On legislative volume

Below is a chart I made during lunch today that plots the number of public laws passed by October 1 of the first session of Congress vs. the number of laws passed during the remaining 15 months of the Congress. It plots the past 19 Congresses (93rd-111th) and a predicted value for the 112th (labeled in purple). Unified government is labeled in green and divided government is labeled in red (the 107th Congress, when Jeffords switched parties, is labeled as divided). The lot does not differentiate between major and trivial legislatio n; it is strictly limited to the number of public laws.


Four comments :

1) In general, only a small percentage of legislation is passed prior to October 1 of the first session. Over the 20 Congresses in the plot, an average of only 16% of the total legislation in a Congress is passed prior to 10/1 of the first session. This is both surprising and not surprising. It’s not surprising because it takes time to develop legislation and move it through the chambers; committees need to hold hearings, write bills, mark them up, and then jockey for floor time. On the other hand, 16% is still a lot lower than I would have guessed, especially since the second session almost always wraps up its second session work prior to the election in November.

2) There is an unsurprising positive correlation between the two variables. Simply put, Congresses that pass more legislation prior to 10/1 first session tend to pass more legislation post-10/1. Not rocket science. And also not that important, because a huge part of the absolute volume difference is institutional:  we haven’t filtered out trivial commemorative legislation or other non-controversial items, and my guess is that they drive a lot of the result. Prior to the 1995 ban on such legislation, commemoratives were a sizable chunk of all public laws. So a high volume of pre-10/1 legislation is likely to correspond to a high volume of post-10/1 legislation — there were just lots of non-controversial public laws at all times. And that’s the case: all of the highest volume years are pre-1995; all but one of the lowest are post-1995.

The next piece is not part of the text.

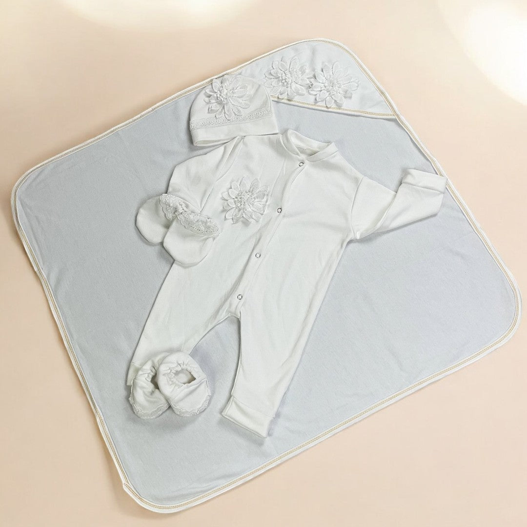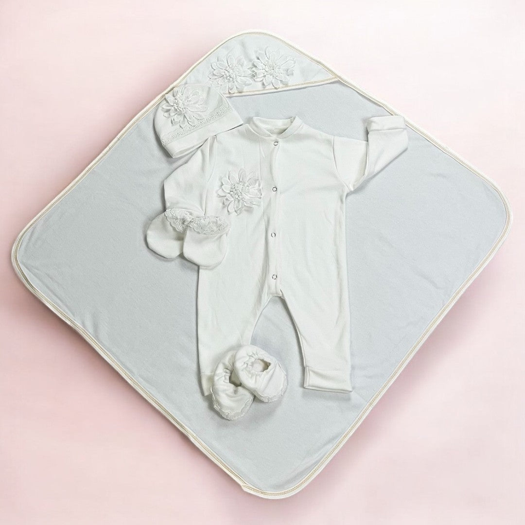 Introducing our 5 piece Baby Romper Set, perfect for newborns up to 3 months during the spring season. Each piece is embroidered for a touch of elegance. Keep your little one comfortable and stylish with this set.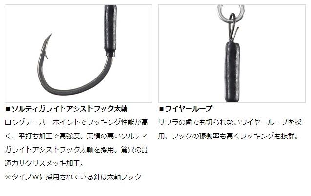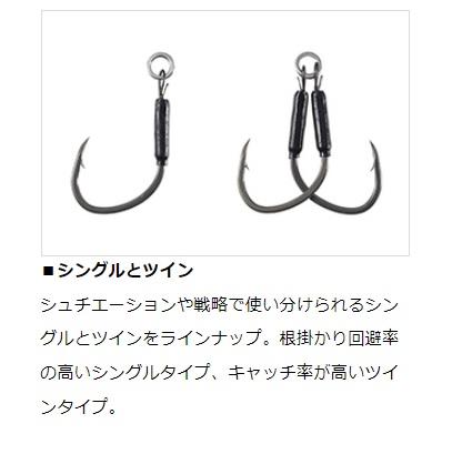 サワラ・タイ・青物の混合狙いで威力を発揮するリア専用のアシストフック。ワイヤーのループはサワラやタチウオの歯でも切られにくくフックが自由に稼働するのでフッキング率も高い。サワラだけでなく大型青物にも負けない太軸フック採用。驚異の貫通力サクサスフック。 タイプ:リアシングル サイズ:#3/0 自重:約1.9g 入数:3 目安ジグサイズ:ライトジギング対応の80-200g相当のジグ。 ※実物と色が違って見える場合があります。あらかじめご了承下さい。

3) The 35 public laws passed by the 112th Congress is not a huge X-axis outlier. It’s the second lowest absolute number, but the pre-10/1 output of the 112th is not all that much less than other post-1995 divided Congresses. As mentioned above, comparing the 112th to a pre-1995 Congress raises the issue or the commemorative legislation. I haven’t gone back and filtered that out of the older Congresses, but I suspect it would have a large effect.

4) The outliers (may) tell an odd story. Notice the five biggest outliers from the trendline, circled in red. Those are instances in which either a proportionately large amount of legislation was passed after 10/1 (96th and 106th) or a proportionately small amount of legislation was passed after 10/1 (103rd, 110th, 111th).  What’s odd about those Congresses is that they all preceded changes from either unified to divided government (96th, 103rd, 111th) or from divided government to unified government (106th and 110th — although the Jeffords switch quickly reversed the 106th point). In fact, in the entire sample. on the 94th Congress preceded a change from unified/divided government and did not stray from the trendline.

I don’t know what to make of this. I guess we could make up a story about the coming election tides either locking up Congress or getting it into gear. But the pattern doesn’t match up how we might expect: if that story was true, then we’d expect a unified government to get into gear when they were about to lose control, and a divided government to lock up when one side or the other looked poised for victory. Instead, we get lockup in both the 110th and 111th, one of which created unified government and the other of which created divided government.

So perhaps it’s a spurious finding. But it’s a darn interesting one. If anyone has seen any research on legislative productivity as it relates to perceived coming changes in unified/divided government, let me know.